Afin de répondre aux attentes du terrain, la téléprocédure d’arrachage ouvrira le 6 février 2026 pour une durée de quatre semaines, jusqu’au 6 mars. Son lancement intervient ainsi ajuste après l’adoption définitive du projet de loi de finances et à quelques jours de l’adoption du Paquet vin, nécessaires à la validation complète du dispositif. Cette ouverture anticipée a pour objectif de donner de la visibilité aux viticulteurs et de permettre aux services instructeurs de préparer le traitement des dossiers. FranceAgriMer invite dès à présent les candidats à vérifier la mise à jour de leur CVI et à obtenir un numéro Vitirestructuration, afin de déposer leur demande dès l’ouverture en ligne de la plateforme.

Arbitrages et plafonnement : un dispositif calibré pour 32 500 hectares

L’enveloppe budgétaire de 130 millions d’euros permet de financer l’arrachage d’environ 32 500 hectares à raison de 4 000 € par hectare.

Si les demandes dépassent cette surface de référence, un mécanisme de priorisation et de réfaction sera appliqué : les arrachages totaux seront servis en premier, tandis que les arrachages partiels feront l’objet d’une réduction proportionnelle des surfaces subventionnées, que les candidats pourront refuser si elle leur semble trop élevée. Les parcelles arrachées perdront définitivement leur droit à replantation, et leurs exploitants ne pourront pas solliciter de nouvelles autorisations avant dix ans.
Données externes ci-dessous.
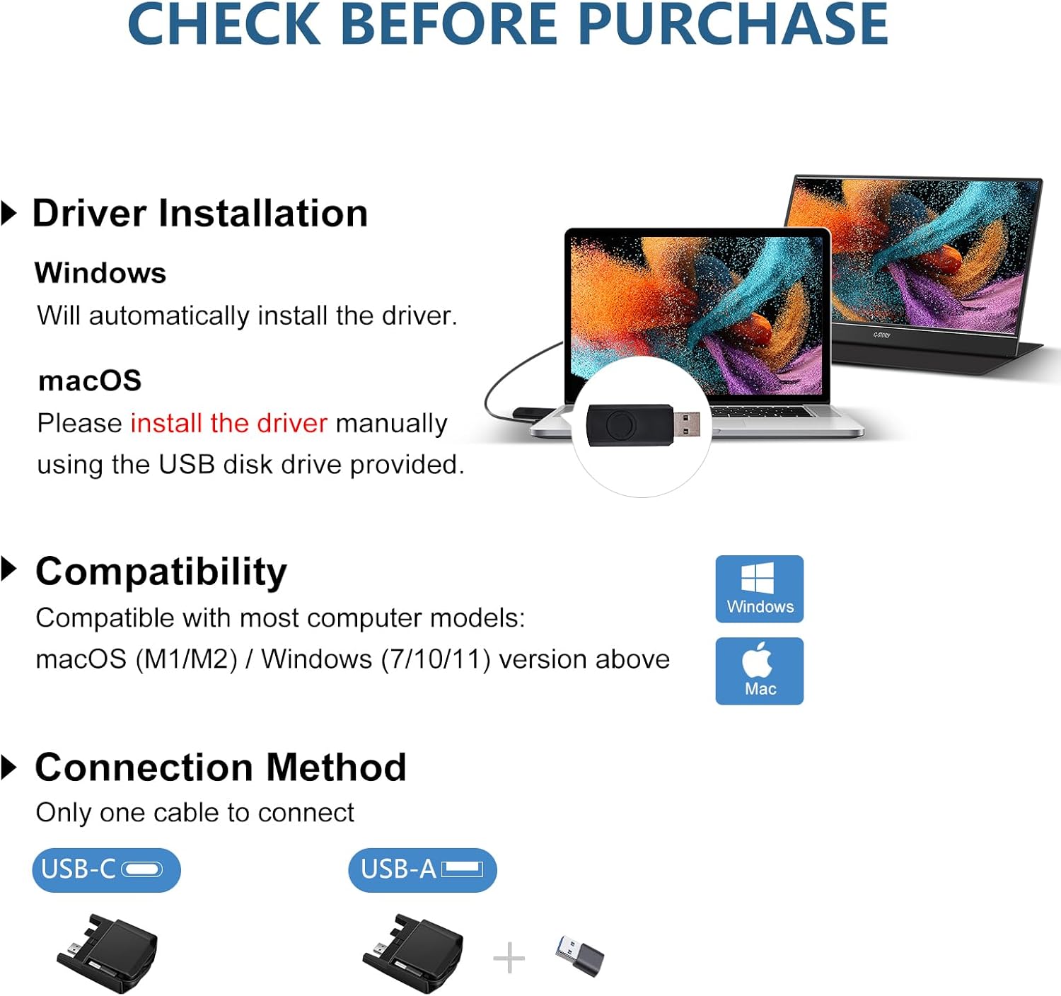 [Note Before Purchase] For macOS, please use the provided USB disk drive to install the driver. Windows systems typically install the driver automatically. If you experience issues such as showing “waiting computer connect”/screen flickering/black screen, please use the USB disk drive provided to install the corresponding drivers or change a cable. If the problem is not resolved, please let us know.

Des situations laissées sans réponse, mais d’autres leviers encore à l’étude

Si le plan d’arrachage porté par FranceAgriMer constitue aujourd’hui le seul dispositif opérationnel, il ne couvre pas l’ensemble des situations complexes rencontrées sur le terrain charentais. En sont notamment exclus les propriétaires de vignes sans CVI ou ceux déjà engagés dans une procédure collective (redressement ou liquidation judiciaire).
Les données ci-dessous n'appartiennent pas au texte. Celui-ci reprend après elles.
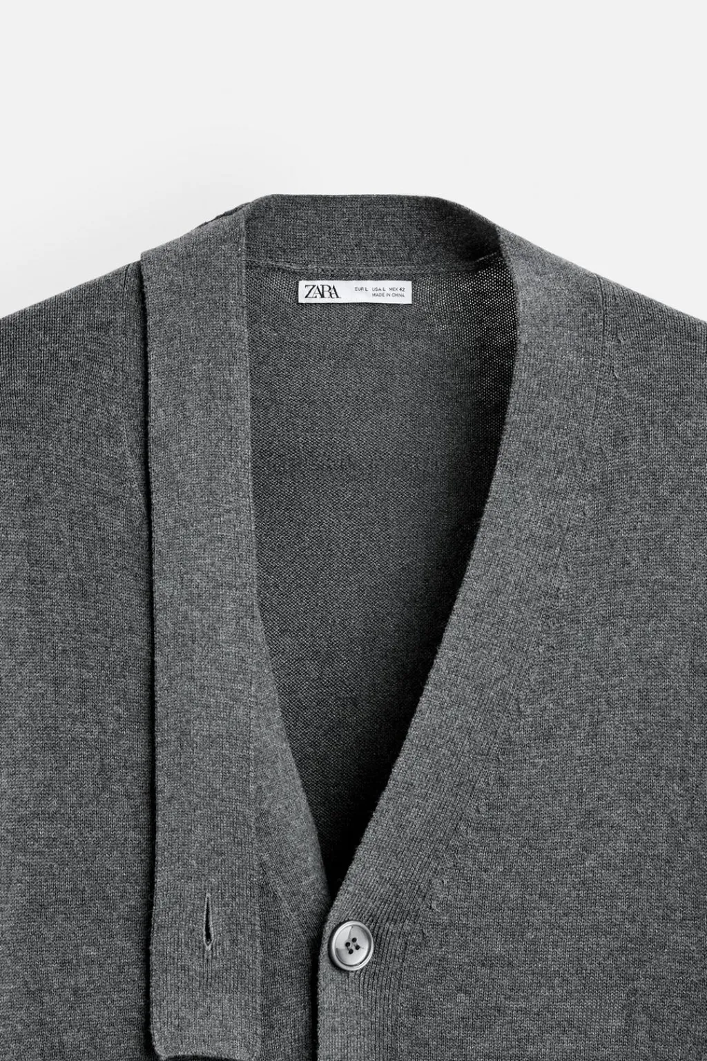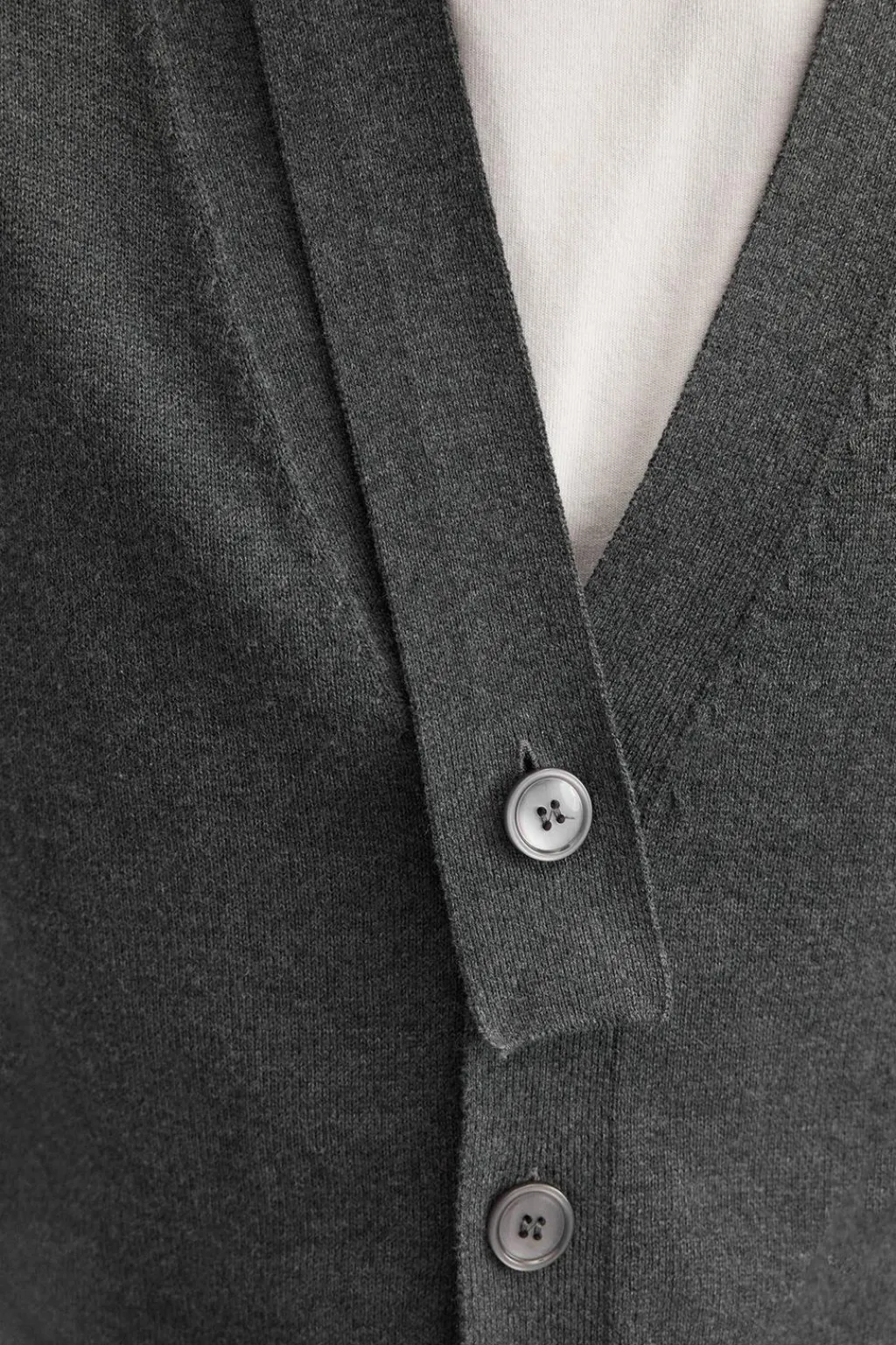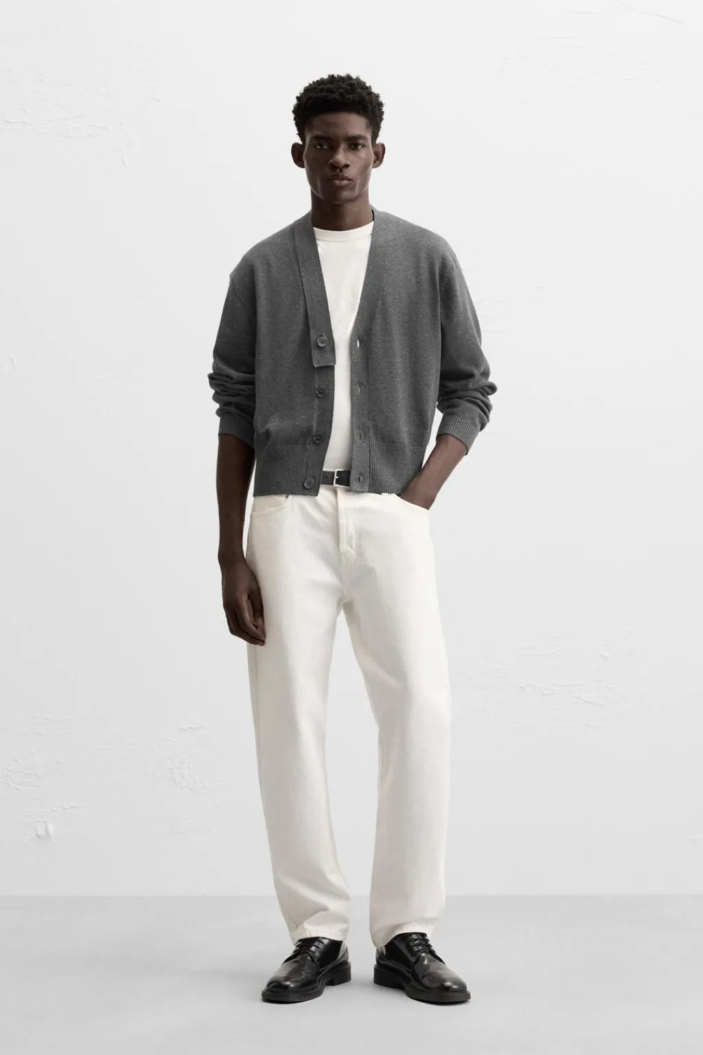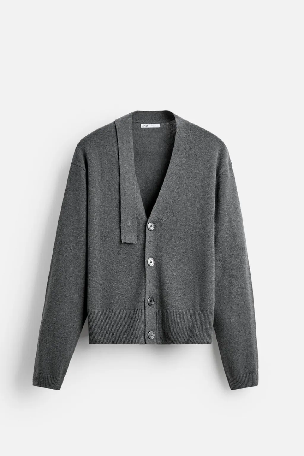 Cárdigan boxy fit tejido en hilatura con algodón. Cuello pico asimétrico con detalle de tira. Manga larga. Acabados en rib. Cierre frontal de botonadura.

Autant de cas pourtant identifiés localement, et conduisant la filière cognac à poursuivre ses travaux sur des dispositifs complémentaires.
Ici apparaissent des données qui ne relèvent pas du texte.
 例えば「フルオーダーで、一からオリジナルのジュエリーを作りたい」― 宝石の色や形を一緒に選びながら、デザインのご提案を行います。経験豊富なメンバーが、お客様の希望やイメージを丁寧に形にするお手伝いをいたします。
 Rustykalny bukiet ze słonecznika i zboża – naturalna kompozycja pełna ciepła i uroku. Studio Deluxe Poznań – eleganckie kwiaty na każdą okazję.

Les réflexions portent notamment sur l’adaptation des mécanismes de régulation existants, à commencer par le VCCI ou la piste d’un arrachage temporaire aidé, permettant de retirer provisoirement des surfaces de production sans remettre en cause le potentiel à long terme des exploitations.

Enfin, la question de la diversification des débouchés demeure centrale, en particulier dans l’hypothèse d’une campagne où la vigne produirait au‑delà des besoins du cognac. Débouchés alternatifs, repli vers d’autres usages ou valorisations industrielles font ainsi partie des scénarios explorés individuellement par les opérateurs pour tirer le meilleur parti de leurs hectares et volumes.